Hello all, I have a question about the little hex head bolts and the angle brackets that come in the zip lock bag with every piece of ams rolling stock I buy.Are they important, and why don't they just install them if so?? Thanks, Chris Sortina


----------



## Greg Elmassian (Jan 3, 2008)

Spares... something will eventually loosen and hopefully you will have a spare. 

Regards, Greg


----------



## Don Howard (Jan 2, 2008)

The angle pieces are brackets that screw onto the underside of the trucks to spread the frames and keep them from toeing in and binding on the axles. If they trucks roll fine you don't need the brackets.


----------



## SteveC (Jan 2, 2008)

Chris

I'm not 100% certain but it sounds like you are describing the angle brackets that were included to resolve problems with some (but not all) AMS trucks. Where the sides would bow in and cause a bind on the axles, causing excessive drag pulling the car. The angle brackets when installed would assure that the truck side frames would remain at a right angle (i.e. 90°) to the rest of the frame and thus create no bind. If I'm wrong I'm sure that someone more knowledgeable will be along shortly and correct any error on my part.
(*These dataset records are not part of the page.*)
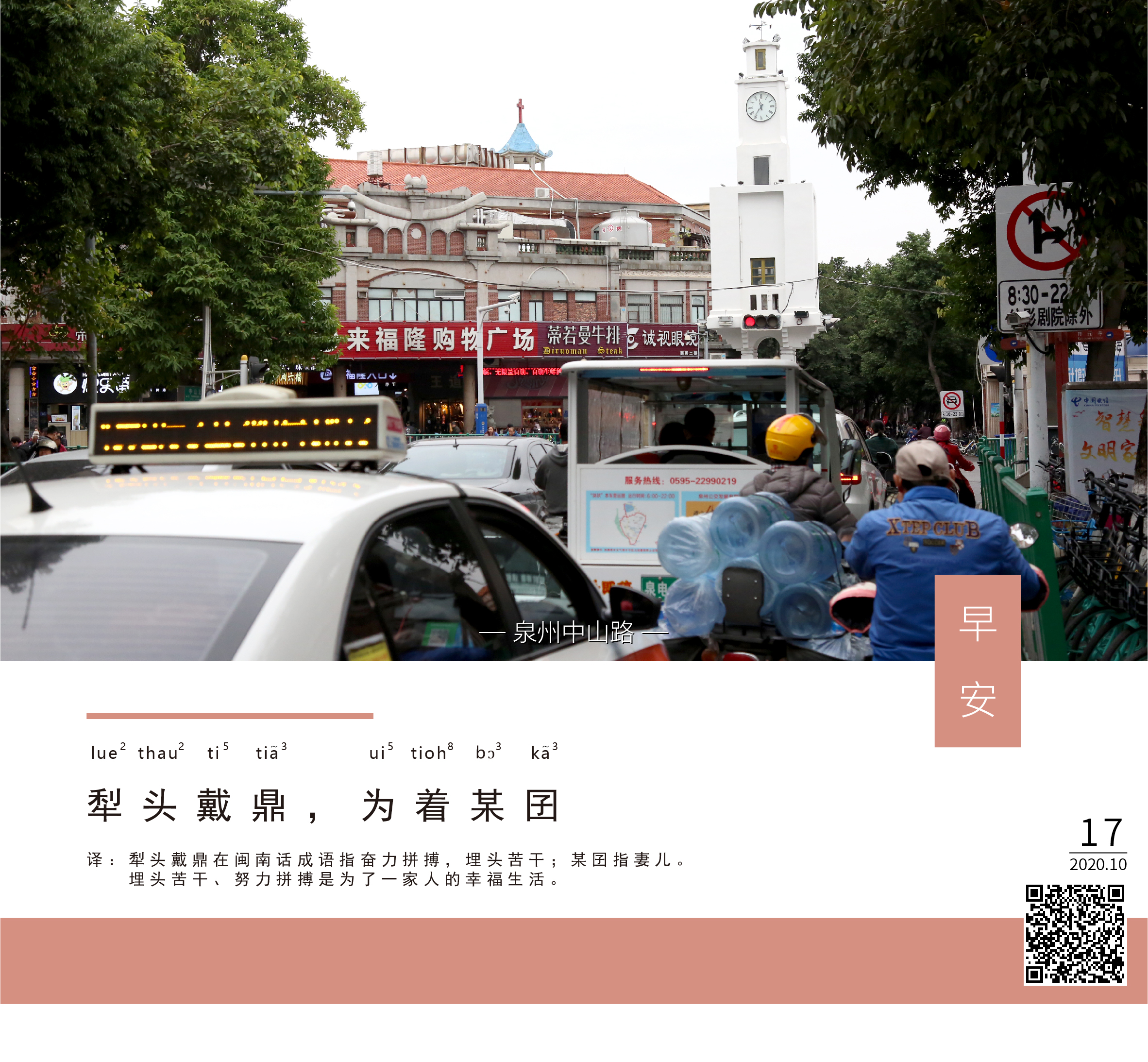 译:犁头戴鼎在闽南话成语指奋力拼搏,埋头苦干;某囝指妻儿。埋头苦干、努力拼搏是为了一家人的幸福生活。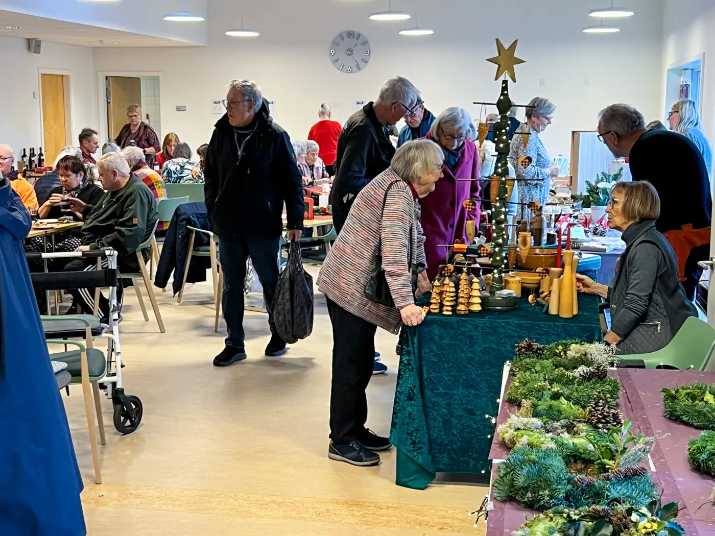 Vores julemarked er en gammel tradition, og det har gennem årene været med til at skaffe mange penge til centerrådets aktiviteter. Det er centerrådet, der står for salg af gløgg og æbleskiver, og det er også os, der har været i gang med at lave kranse og juledekorationer. Udover at det bidrager til det gode formål, har vi det faktisk også hyggeligt mens vi laver dem.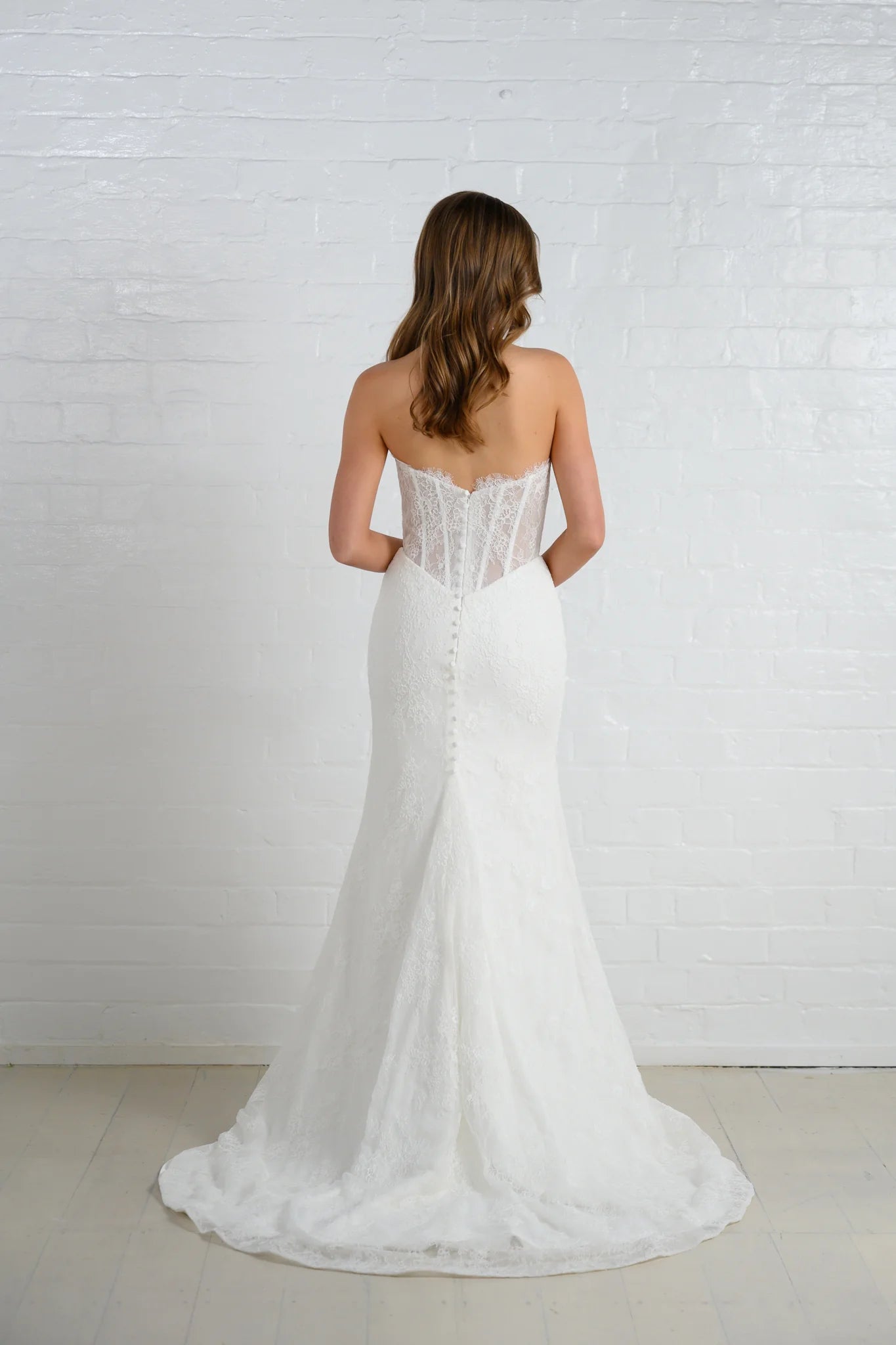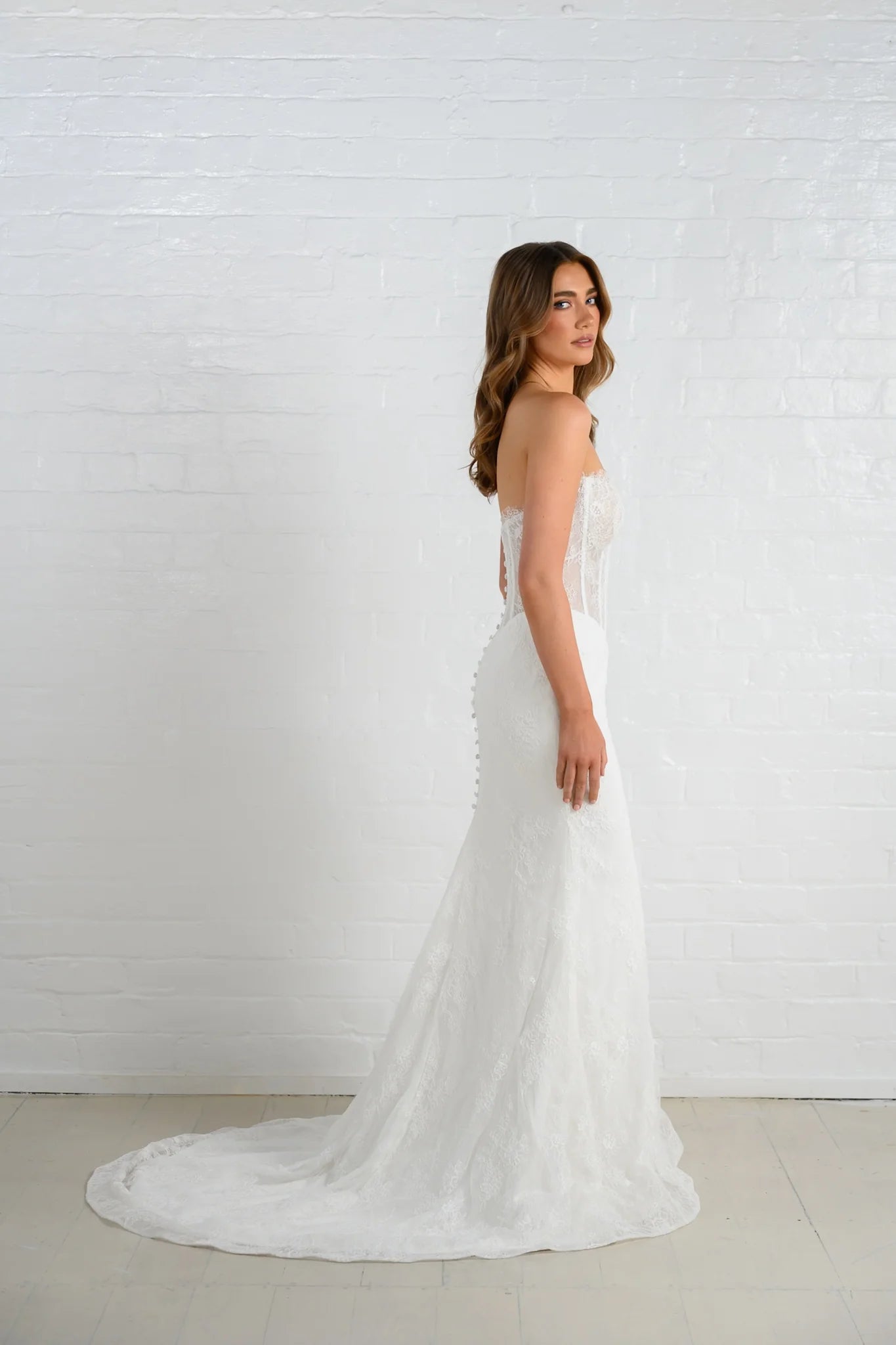 Eden enchants with its corseted cat-eyed bodice delicately overlaid in intricate chantilly lace, creating a romantic and elegant silhouette. This fitted gown blends timeless sophistication with soft, feminine details, making it the perfect choice for a bride seeking a graceful and unforgettable look on her special day. Optional Sleeve avaiable.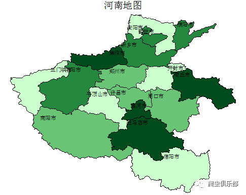 spmap y using `"hn_citymapcoord"',id(id) title ("河南地图") label(label(NAME99) xcoord(CENTROID_X) ycoord(CENTROID_Y) ) fcolor(Greens2) legenda(off)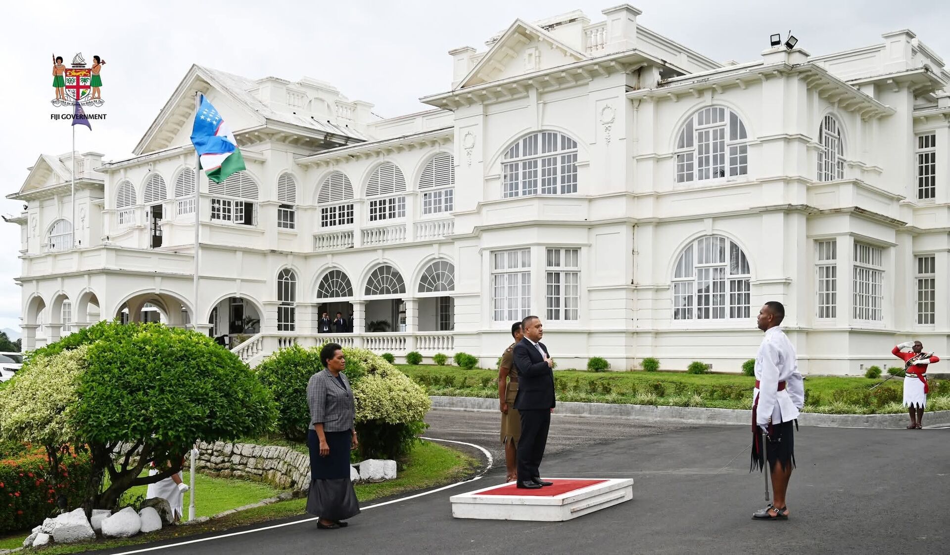 В ходе церемонии был выстроен почётный караул, прозвучал гимн Узбекистана и впервые в истории в президентском дворце в Суве был поднят флаг Узбекистана.

_(Oops, I see that Don has already answered the question, didn't mean to be redundant.)_


----------



## K27_463 (Jan 2, 2008)

You seem to be obtaining old stock. The brackets have come pre installed for years now. 

Jonathan


----------



## D&RGW 461 (Jun 4, 2009)

Thanks guys, Most of my rolling stock has ben purchased years ago.The cars did seem to have excesive drag,so this morning I installed the brackets on 3 pairs of trucks and that made a big difference. Tomorow I will install the brackets on the other cars. No drag = a long drag. Thanks again guys, Chris Sortina


----------